A Backstage Pass to the Super Bowl of Taxidermy

This year, hundreds of competitors gathered together for the World Taxidermy Championships.

The World Taxidermy & Fish Carving Championships is the Super Bowl of mammalian makeovers and avian artistry.

The annual extravaganza draws the the best taxidermists from throughout the world, every one of them eager to prove their dead animal is the most lifelike. This year's event saw artists---and they are artists---from 47 states and 14 countries descend on Springfield, Missouri, with everything from rainbow trout to Bigfoot.

Yes, Bigfoot.

All told, over 500 creatures filled the convention center, and Norwegian photographer Helge Skodvin was there to take it all in. He had no shortage of materials---beyond the competitors, there were 145 booths brimming with the latest innovations of their craft including urethane body parts and glass eyes. But Skodvin focused on the creatures and their creators coming and going. Seeing a bighorn sheep getting fluffed with a leaf blower or a cheetah having its whiskers combed in a parking lot provides a surreal break to the realism taxidermists strive to portray.

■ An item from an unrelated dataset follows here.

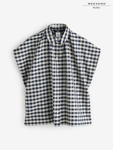 Weekend MaxMara Blue Strano Loose Fit Gingham Blouse

“I like to see the animals completely out of their element," Skodvin says. "They look totally lost and vulnerable."

Helge Skodvin/Moment/INSTITUTE

Animals are judged on their lifelike quality and accurate, dramatic poses (two pheasants forever caught in a mid-air squabble took best in show---along with $1,000 and bragging rights), but there's something creepy about it that intrigued Skodvin. "With taxidermy, there’s so many layers behind the images," he says. "Here’s a lion that’s been shot and stuffed and put on display. Is it nature? Is it culture? It’s fascinating."

Skodvin's series is equal parts macabre and comical. There's a tender intimacy in how contestants care for their creations, gently posing and preening them. But the magnificent lions frozen in place are reduced to a shadow of their once untamed life. One display left a particularly deep impression on the photographer: three mountain goats arranged in a group, with two lying down and the third standing nearby. Alongside the piece was a photograph of what appeared to be the same animals, in the same positions. "I thought, 'Wow, did someone shoot this picture and then shoot these three animals?'" he says. "That was disturbing."

The dichotomy is what keeps Skodvin interested in his unusual wildlife photography. Despite his mixed feelings, he says events like the World Taxidermy Championships exposed him to a culture that he's come to appreciate. "It was really good fun," he says. "You might think maybe they’re strange or morbid people, but they’re really very nice."